The pictures stay out; all of the data is to be printed exactly.

START Collected data

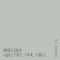 Цвет #BBC2BA в цветовой модели RGB обозначается тремя октетами (187, 194, 186) в десятичном формате и #BBC2BA в шестнадцатиричном (hex) формате, которые являются интенсивностью красного 187 (hex BB), интенсивность зелёного 194 (hex C2) и интенсивность синего 186 (hex BA).
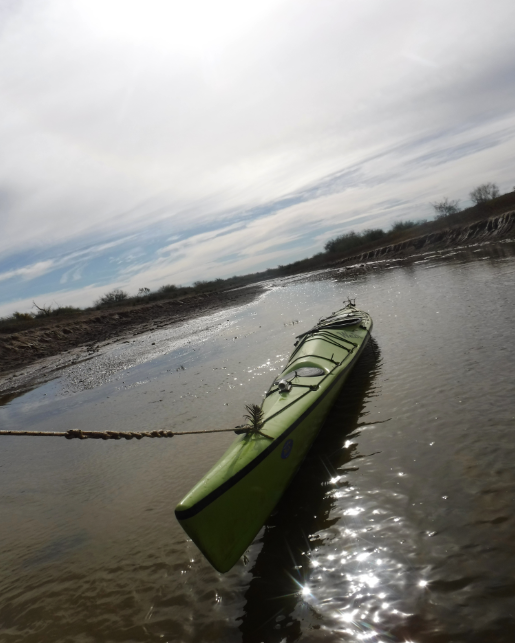 A solo 50 metros, se veía el primer alambrado que cruzaba. El agua fría, verdosa, con poca profundidad. Esto se fue agravando a medida que pasaron las horas…. Sí, las horas… El suelo es de tosca con piedras, una combinación no apta para arriesgar el casco de los botes. A nuestro paso se abría un pequeño terraplén con acacias otoñales, cardos y abrojos y muchos arbustos poco amigables con espinas gruesas. Las capas de tierra más bien claras con pinceladas de salitre y en el agua asomaban furiosas puntas de piedras y tosca con forma de caparazón de tortugas. El agua corría de vez en cuando y se volvía a estancar cuando esta cordillera de piedras asomaba.
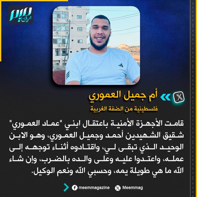 والدة شهيدين بالضفة الغربية تعبر عن أساها لاعتقال أجهزة السلطة الفلسطينية وحيدها "عماد العموري" والاعتداء بالضرب عليه وعلى والده.

END Collected data

Result for this task:
 Цвет #BBC2BA в цветовой модели RGB обозначается тремя октетами (187, 194, 186) в десятичном формате и #BBC2BA в шестнадцатиричном (hex) формате, которые являются интенсивностью красного 187 (hex BB), интенсивность зелёного 194 (hex C2) и интенсивность синего 186 (hex BA).
 A solo 50 metros, se veía el primer alambrado que cruzaba. El agua fría, verdosa, con poca profundidad. Esto se fue agravando a medida que pasaron las horas…. Sí, las horas… El suelo es de tosca con piedras, una combinación no apta para arriesgar el casco de los botes. A nuestro paso se abría un pequeño terraplén con acacias otoñales, cardos y abrojos y muchos arbustos poco amigables con espinas gruesas. Las capas de tierra más bien claras con pinceladas de salitre y en el agua asomaban furiosas puntas de piedras y tosca con forma de caparazón de tortugas. El agua corría de vez en cuando y se volvía a estancar cuando esta cordillera de piedras asomaba.
 والدة شهيدين بالضفة الغربية تعبر عن أساها لاعتقال أجهزة السلطة الفلسطينية وحيدها "عماد العموري" والاعتداء بالضرب عليه وعلى والده.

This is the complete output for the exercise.